24. Litam, etc., et al. vs. Rivera 100 Phil. 364 , November 27, 1956

Facts:

This is an appeal from the decision of the CFI of RIzal. On April 24, 1952, Gregorio Dy Tam filed
a petition stating that the petitioner is the son of Rafael Litam and the deceased was survived
by 8 children by a marriage celebrated in China in 1911 with Sia Khin, that after the death of
Rafael Litam, petitioner and his co-heirs came to know that the decedent had contracted in the
Philippines another marriage with Marcosa Rivera, that the decedent left as his property among
others 1/2 share in the purported conjugal properties between him and Marcosa Rivera and that
the decedent left neither will nor debt. Petitioner prayed that after appropriate proceedings,
letters of administration be issued to Marcosa Rivera.

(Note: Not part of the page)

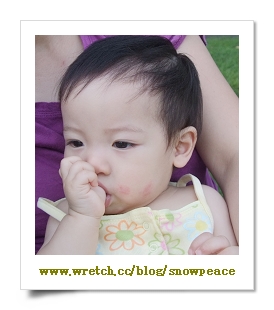 今天早上醒來,居然一下就把小手套給扯掉!屢試不爽,厲害...=.=

Marcosa Rivera filed a counter-petition substantially denying the alleged marriage of the
decedent to Sia Khin as well as the alleged filiation of the persons named in the petition,
asserting that the properties described are her paraphernal properties and praying that her
nephew, Arminio Rivera, be appointed administrator of the intestate estate of the deceased.

The Court granted Marcosa Rivera’s petition and Arminio assumed as administrator of the
estate. He submitted an inventory of the alleged estate of Rafael Litam and said inventory did
not include the properties mentioned in the petition of Gregorio Dy Tam in April 1952. Gregorio,
on November 1952, filed a motion for the removal of Arminio Rivera as administrator of the
aforementioned estate. Meanwhile, Remedios Espiritu was appointed as guardian of Marcosa
who was declared incompetent. Gregorio Dy Tam filed Civil Case No. 2071 of the same court
against Espirity and Arminio Rivera. He reproduced substatially the allegations made in his
petition in April 1952 stating that the properties in dispute are conjugal and are more than
those specified in the inventory.

The trial court dismissed CivilCase No. 2071. Hence the appeal.

ISSUE:

1. WHETHER OR NOT APPELLANTS ESTABLISH STATUS OF LEGITIMATE CHILDREN


2. WHETHER OR NOT DECLARATION OF HEIRSHIP IN CIVIL CASE IS PROPER.

RULING:
1. NO. APPELLANTS FAILED TO ESTABLISHED STATUS OF LEGITIMACY AND BARS THEIR
CLAIM TO THE SHARE IN THE ESTATE.

Appellants claims that they are the children of the decedent by a marriage celebrated in
China in 1911 with S.K.; that during the subsistence of the marriage, the decedent had
contracted in 1922 another marriage with Marcosa Rivera; that as heirs, they are entitled to the
decedent’s one-half share in the properties acquired during the second marriage. Held: The
various official and public documents executed by the decedent himself convincingly shows that
he had not contracted marriage with any person other than M.R., and that he had no
child.Thus, in the marriage certificate it was clearly stated that he was single when he married
M.R. in 1922; in the sworn application for alien certificate of registration dated July 7, 1950, he
declared under oath that no child; and in several other documents executed by him and
presented in evidence he had consistently referred to M.R. alone his wife; he had never
mentioned S.K. as his wife, or their alleged children. On the other hand, appellants did not
present in evidence the marriage certificate of the decedent and their mother, which is the best
evidence of the alleged marriage; or gave any explanation for the non-presentation thereof or
of its loss neither have they presented any competent secondary evidence of the supposed
marriage. The finding, therefore, of the lower court that the appellants are not heirs of the
decedent is correct.

2. NO. DECLARATION OF HEIRSHIP IN CIVIL CASE IS NOT PROPER.

Likewise, we are of the opinion that the lower court should not have declared, in the
decision appealed from, that Marcosa Rivera is the only heir of the decedent, for such
declaration is improper in Civil Case No. 2071, it being within the exclusive competence of the
court in Special Proceeding No. 1537, in which it is not as yet, in issue, and, will not be,
ordinarily, in issue until the presentation of the project of partition.